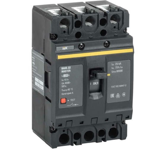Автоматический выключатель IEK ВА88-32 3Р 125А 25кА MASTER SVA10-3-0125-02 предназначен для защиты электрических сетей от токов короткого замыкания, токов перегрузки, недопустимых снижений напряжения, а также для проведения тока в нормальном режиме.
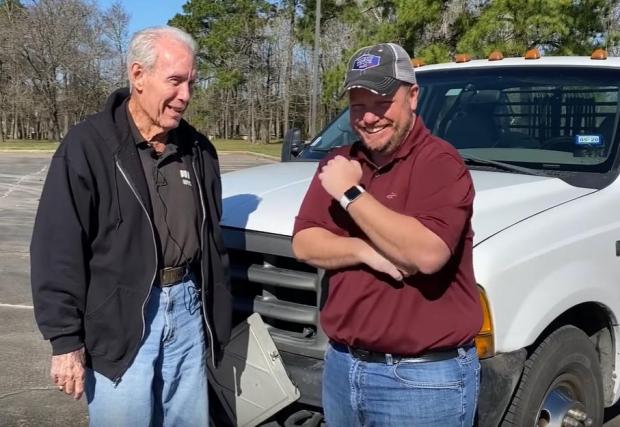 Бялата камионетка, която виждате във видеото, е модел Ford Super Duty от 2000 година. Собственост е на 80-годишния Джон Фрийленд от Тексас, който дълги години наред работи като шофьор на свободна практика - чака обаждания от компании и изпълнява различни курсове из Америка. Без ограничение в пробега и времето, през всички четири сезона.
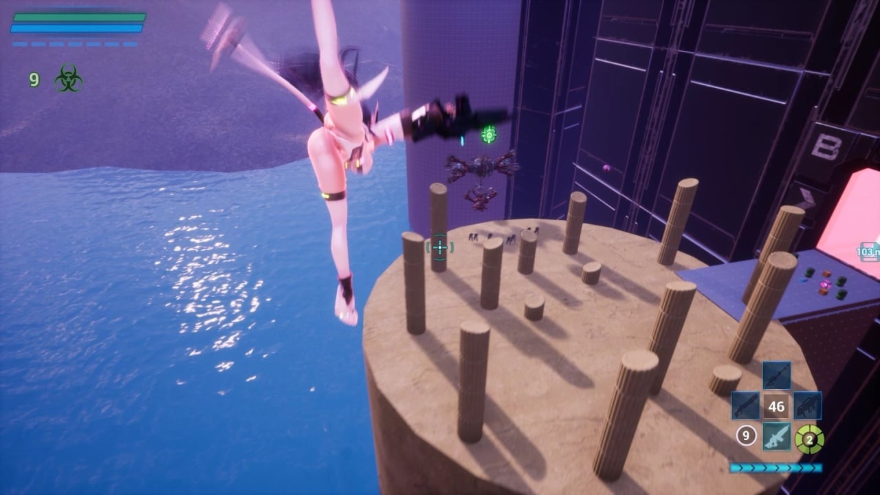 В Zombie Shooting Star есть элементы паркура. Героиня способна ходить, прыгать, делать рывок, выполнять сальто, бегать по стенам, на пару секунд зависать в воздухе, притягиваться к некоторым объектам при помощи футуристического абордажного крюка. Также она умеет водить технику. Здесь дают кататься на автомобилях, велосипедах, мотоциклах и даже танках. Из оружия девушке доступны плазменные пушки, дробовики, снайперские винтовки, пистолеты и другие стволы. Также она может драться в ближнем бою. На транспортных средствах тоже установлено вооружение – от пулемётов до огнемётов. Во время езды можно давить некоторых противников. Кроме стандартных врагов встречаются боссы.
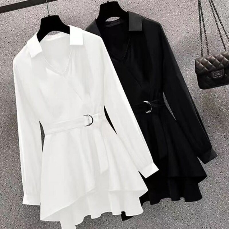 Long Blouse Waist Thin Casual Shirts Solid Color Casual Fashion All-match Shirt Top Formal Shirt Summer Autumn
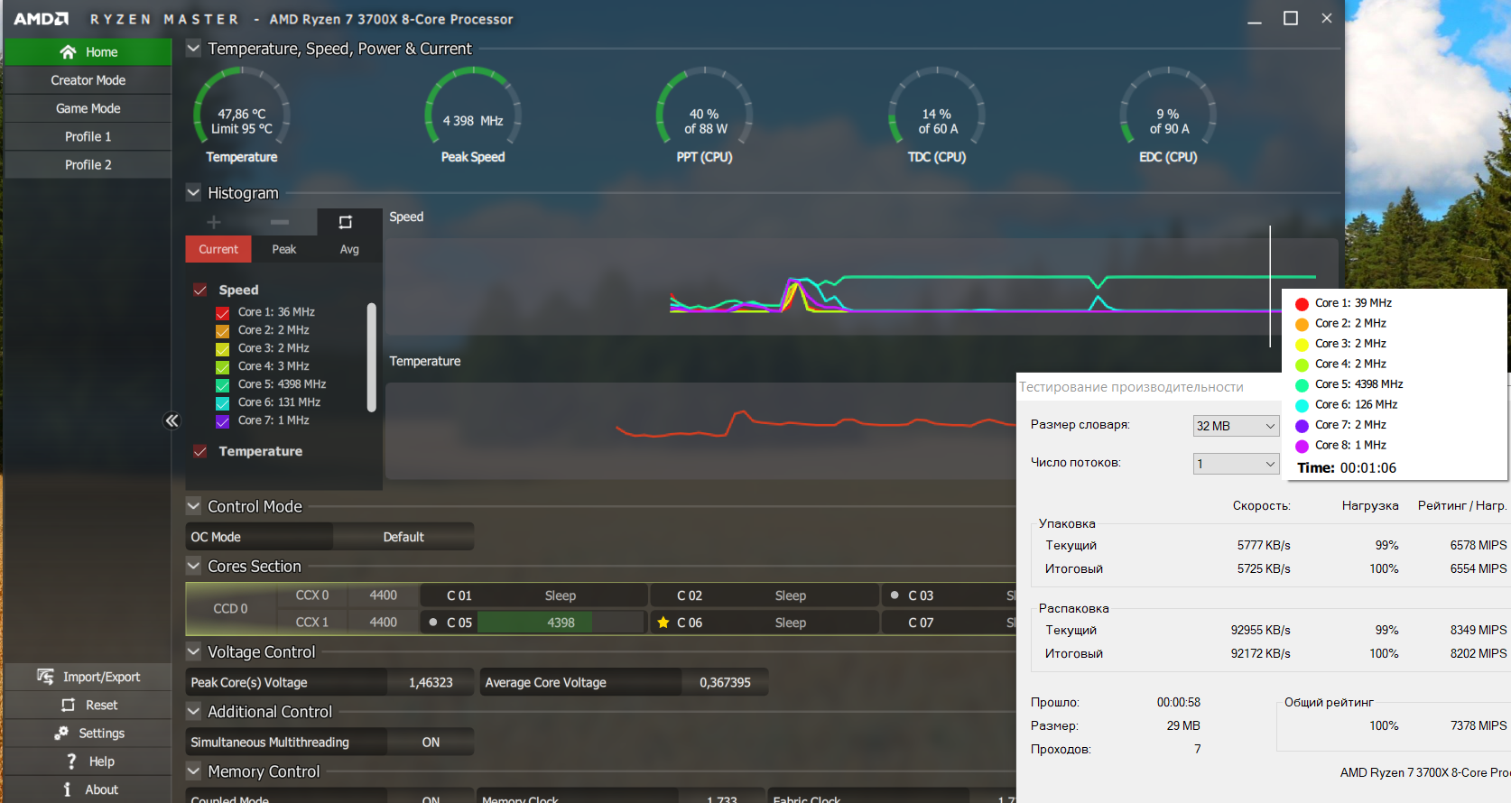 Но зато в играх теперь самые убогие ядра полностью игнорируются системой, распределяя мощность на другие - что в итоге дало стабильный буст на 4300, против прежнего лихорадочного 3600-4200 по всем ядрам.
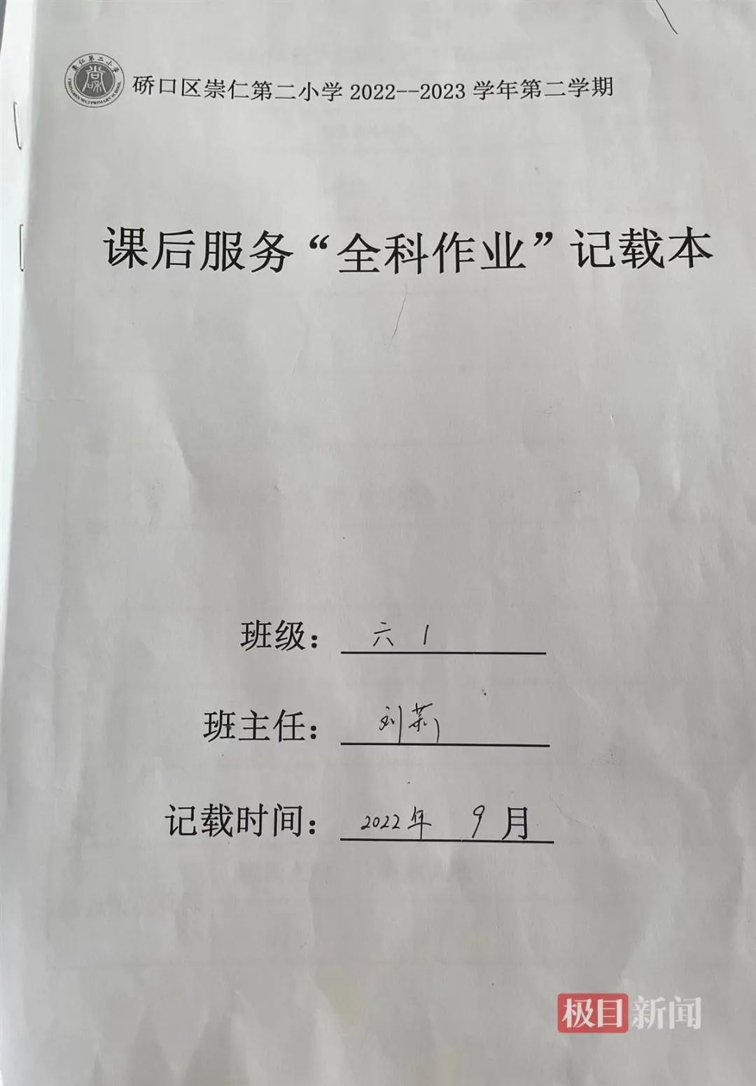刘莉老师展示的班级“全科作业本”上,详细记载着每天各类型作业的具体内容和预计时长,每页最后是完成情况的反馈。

Problem requirements
Please write out exactly, and only, the lines from the beginning of the entries through the line containing "Бялата камионетка, която", including both and skipping all pictures.

Response to this exercise
Автоматический выключатель IEK ВА88-32 3Р 125А 25кА MASTER SVA10-3-0125-02 предназначен для защиты электрических сетей от токов короткого замыкания, токов перегрузки, недопустимых снижений напряжения, а также для проведения тока в нормальном режиме.
 Бялата камионетка, която виждате във видеото, е модел Ford Super Duty от 2000 година. Собственост е на 80-годишния Джон Фрийленд от Тексас, който дълги години наред работи като шофьор на свободна практика - чака обаждания от компании и изпълнява различни курсове из Америка. Без ограничение в пробега и времето, през всички четири сезона.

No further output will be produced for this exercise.